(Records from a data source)
----

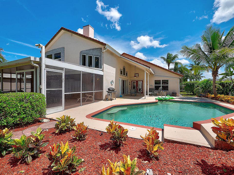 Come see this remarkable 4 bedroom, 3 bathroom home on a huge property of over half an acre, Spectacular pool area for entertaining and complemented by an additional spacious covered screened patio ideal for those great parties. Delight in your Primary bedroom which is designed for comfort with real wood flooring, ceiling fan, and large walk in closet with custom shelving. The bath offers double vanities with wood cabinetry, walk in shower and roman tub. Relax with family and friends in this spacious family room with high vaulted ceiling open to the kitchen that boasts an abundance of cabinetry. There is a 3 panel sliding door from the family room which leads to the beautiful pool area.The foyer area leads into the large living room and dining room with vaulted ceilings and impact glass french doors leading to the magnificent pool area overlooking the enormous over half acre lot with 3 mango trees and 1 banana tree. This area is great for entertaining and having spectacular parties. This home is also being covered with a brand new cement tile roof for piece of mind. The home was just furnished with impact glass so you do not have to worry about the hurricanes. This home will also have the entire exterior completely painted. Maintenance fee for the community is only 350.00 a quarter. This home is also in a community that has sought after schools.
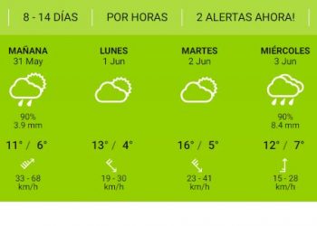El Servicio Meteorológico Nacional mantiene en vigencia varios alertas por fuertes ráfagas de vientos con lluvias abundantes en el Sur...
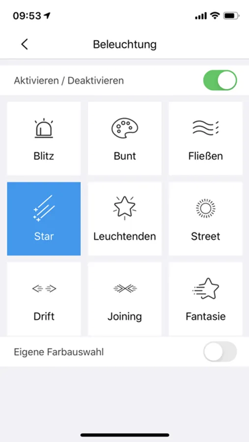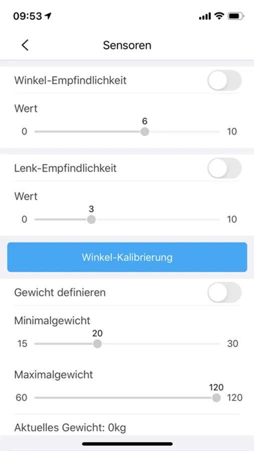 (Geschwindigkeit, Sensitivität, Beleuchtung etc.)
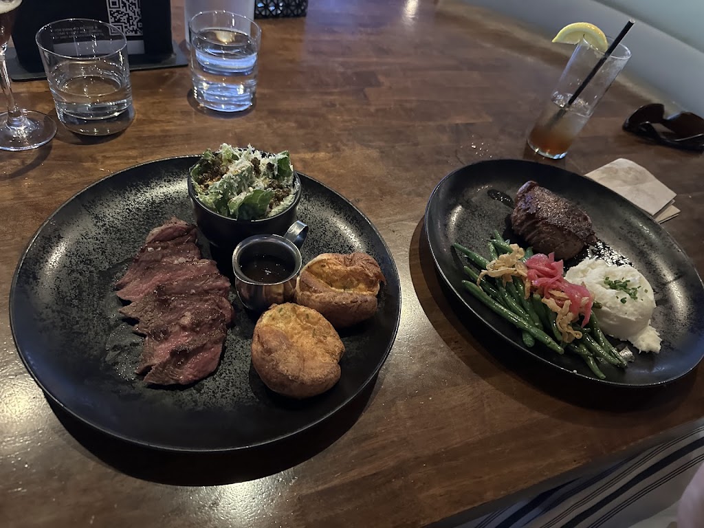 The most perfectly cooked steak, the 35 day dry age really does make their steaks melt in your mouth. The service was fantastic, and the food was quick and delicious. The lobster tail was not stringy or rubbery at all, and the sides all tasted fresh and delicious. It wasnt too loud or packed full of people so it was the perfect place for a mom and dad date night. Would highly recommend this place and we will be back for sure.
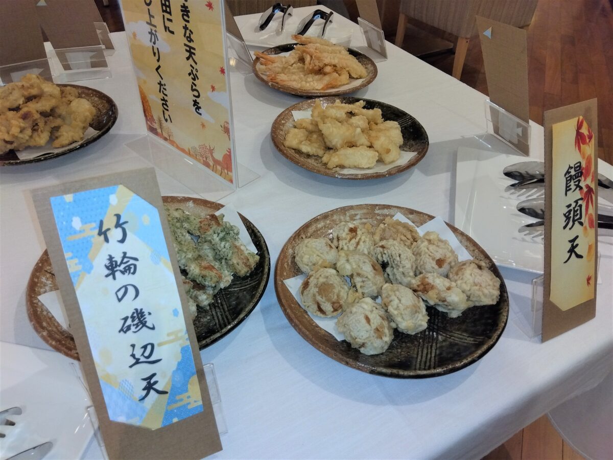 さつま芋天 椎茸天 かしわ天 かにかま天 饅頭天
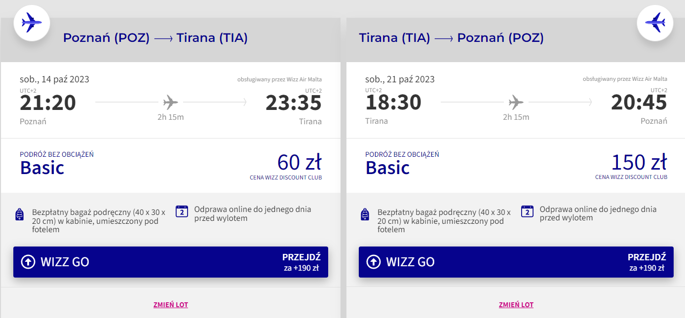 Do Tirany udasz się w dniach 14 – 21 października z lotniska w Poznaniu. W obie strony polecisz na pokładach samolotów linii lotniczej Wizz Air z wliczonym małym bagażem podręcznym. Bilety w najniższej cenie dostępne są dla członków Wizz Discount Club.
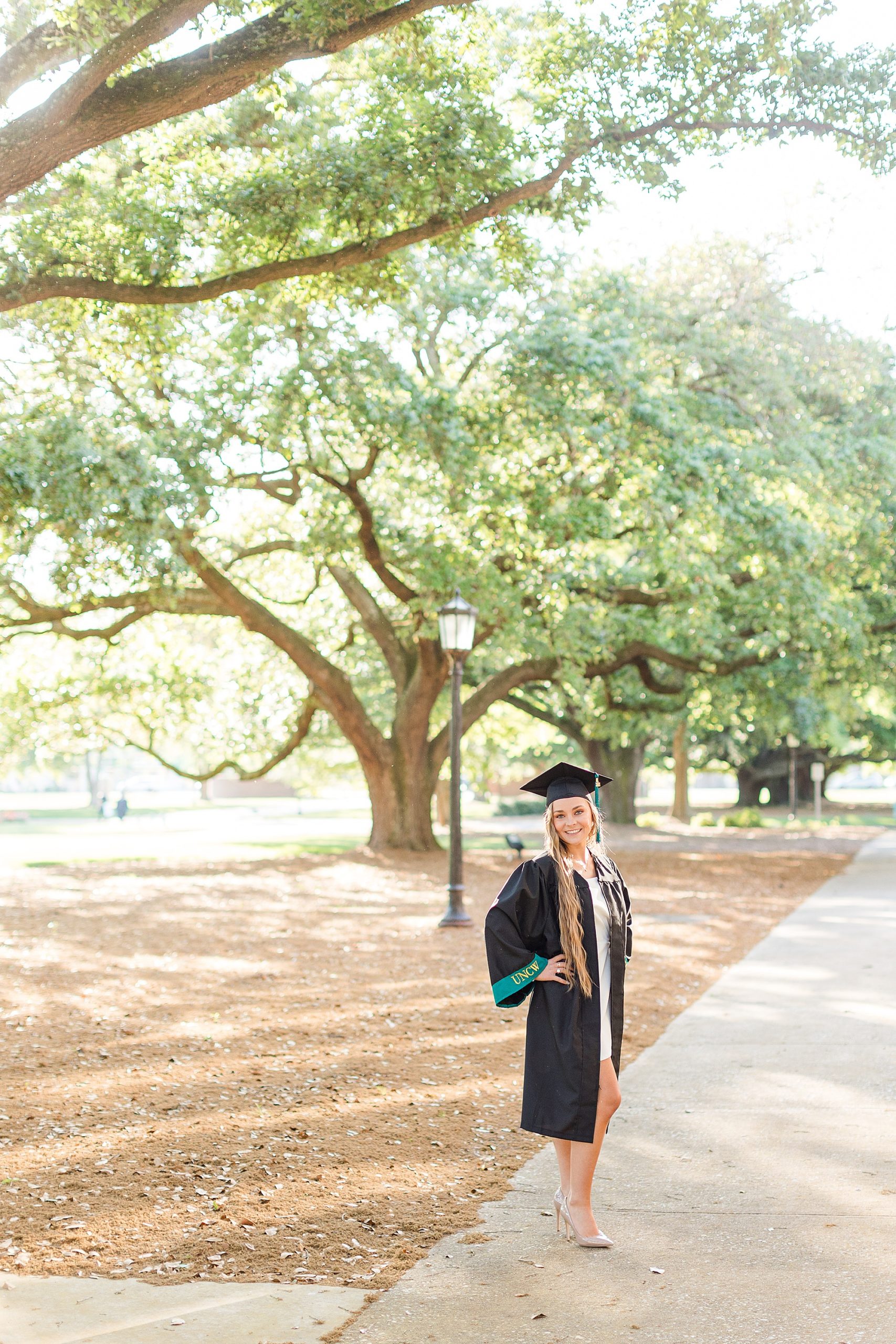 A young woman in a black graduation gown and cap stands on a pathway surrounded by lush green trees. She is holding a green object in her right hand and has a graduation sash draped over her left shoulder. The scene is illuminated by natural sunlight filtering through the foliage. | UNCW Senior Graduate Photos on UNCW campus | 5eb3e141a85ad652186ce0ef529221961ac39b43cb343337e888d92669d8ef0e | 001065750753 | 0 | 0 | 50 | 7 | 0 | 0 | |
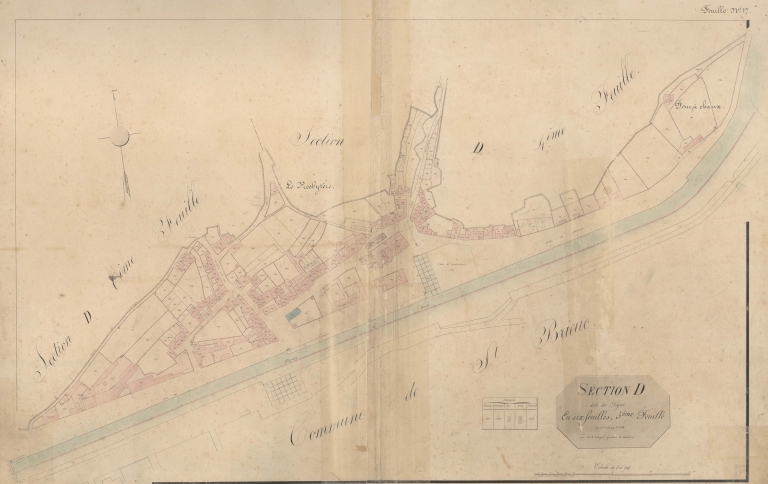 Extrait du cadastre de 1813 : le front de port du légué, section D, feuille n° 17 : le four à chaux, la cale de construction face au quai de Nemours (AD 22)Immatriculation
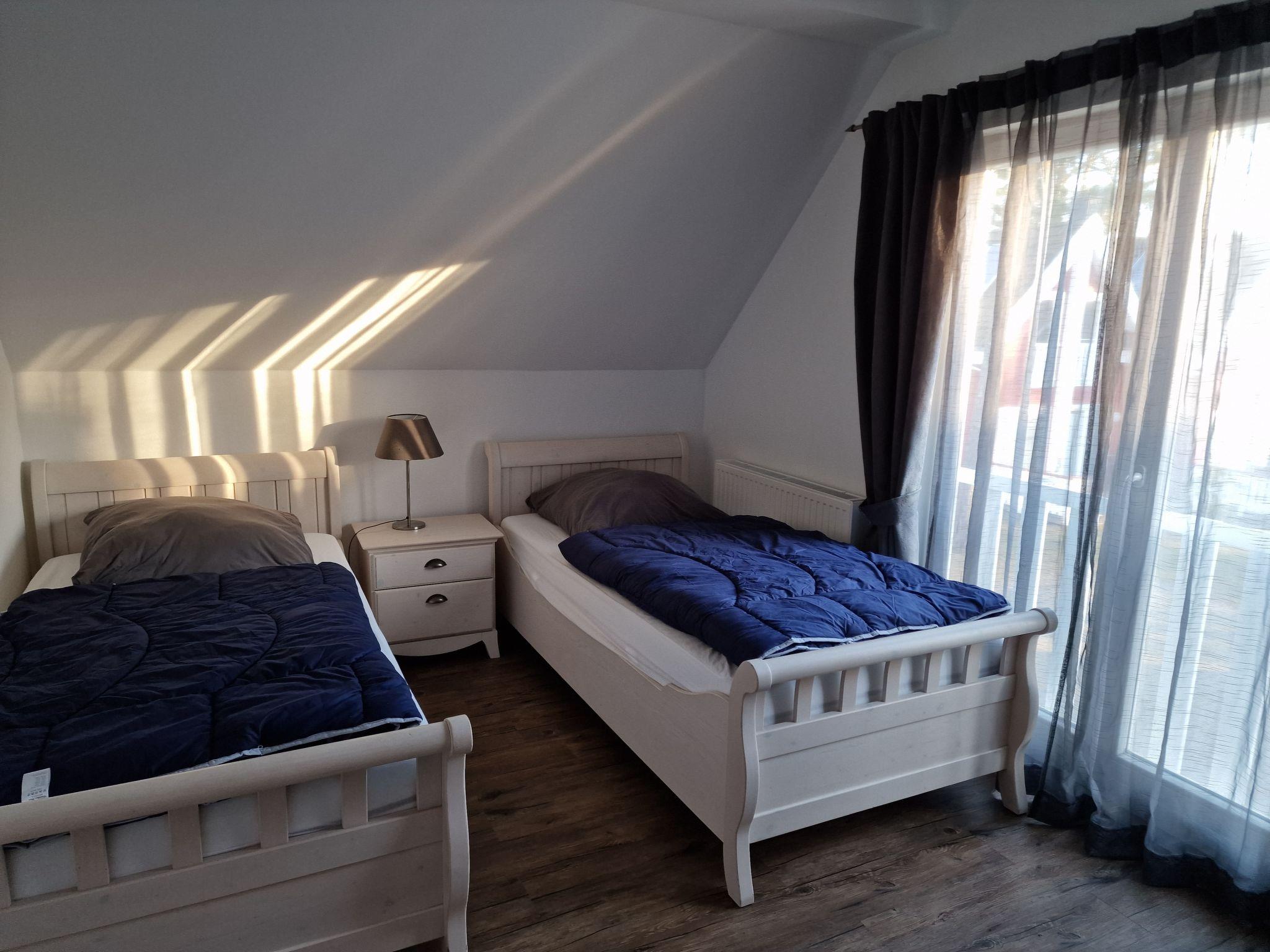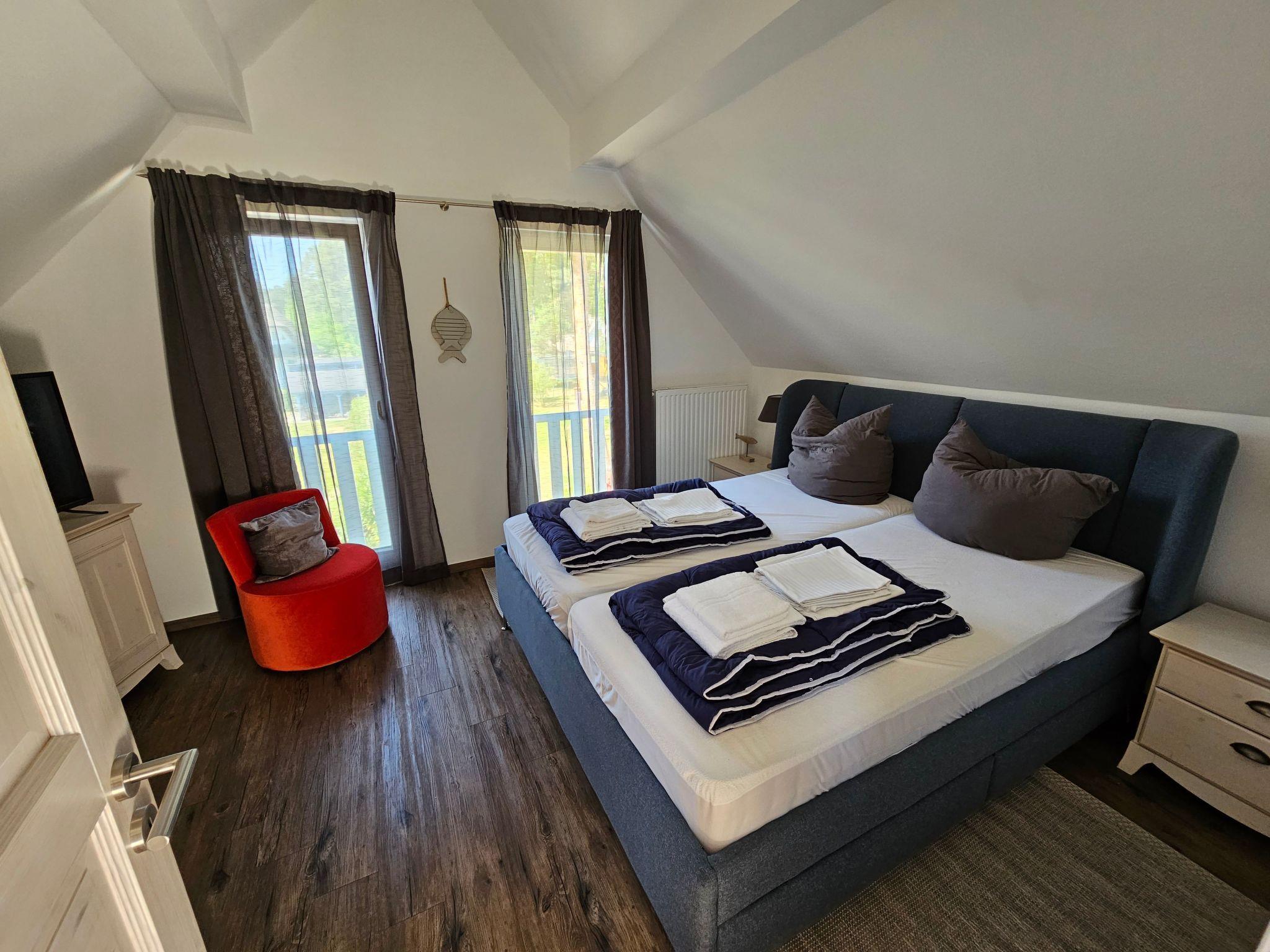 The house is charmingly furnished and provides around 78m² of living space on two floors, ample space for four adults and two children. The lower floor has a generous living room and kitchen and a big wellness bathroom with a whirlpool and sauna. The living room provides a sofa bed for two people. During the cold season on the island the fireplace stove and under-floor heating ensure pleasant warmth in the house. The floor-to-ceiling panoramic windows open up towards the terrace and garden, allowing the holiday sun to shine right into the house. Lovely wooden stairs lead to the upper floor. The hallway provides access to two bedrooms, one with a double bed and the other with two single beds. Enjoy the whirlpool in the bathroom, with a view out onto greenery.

----

= YOUR INSTRUCTIONS =
What is needed is the exact run of lines from the start of the data through the line with "さつま芋天 椎茸天 かしわ天 かにかま天 饅頭天", both ends included, minus the pictures.

= ANSWER TO THIS TASK =
 Come see this remarkable 4 bedroom, 3 bathroom home on a huge property of over half an acre, Spectacular pool area for entertaining and complemented by an additional spacious covered screened patio ideal for those great parties. Delight in your Primary bedroom which is designed for comfort with real wood flooring, ceiling fan, and large walk in closet with custom shelving. The bath offers double vanities with wood cabinetry, walk in shower and roman tub. Relax with family and friends in this spacious family room with high vaulted ceiling open to the kitchen that boasts an abundance of cabinetry. There is a 3 panel sliding door from the family room which leads to the beautiful pool area.The foyer area leads into the large living room and dining room with vaulted ceilings and impact glass french doors leading to the magnificent pool area overlooking the enormous over half acre lot with 3 mango trees and 1 banana tree. This area is great for entertaining and having spectacular parties. This home is also being covered with a brand new cement tile roof for piece of mind. The home was just furnished with impact glass so you do not have to worry about the hurricanes. This home will also have the entire exterior completely painted. Maintenance fee for the community is only 350.00 a quarter. This home is also in a community that has sought after schools.
El Servicio Meteorológico Nacional mantiene en vigencia varios alertas por fuertes ráfagas de vientos con lluvias abundantes en el Sur...
 (Geschwindigkeit, Sensitivität, Beleuchtung etc.)
 The most perfectly cooked steak, the 35 day dry age really does make their steaks melt in your mouth. The service was fantastic, and the food was quick and delicious. The lobster tail was not stringy or rubbery at all, and the sides all tasted fresh and delicious. It wasnt too loud or packed full of people so it was the perfect place for a mom and dad date night. Would highly recommend this place and we will be back for sure.
 さつま芋天 椎茸天 かしわ天 かにかま天 饅頭天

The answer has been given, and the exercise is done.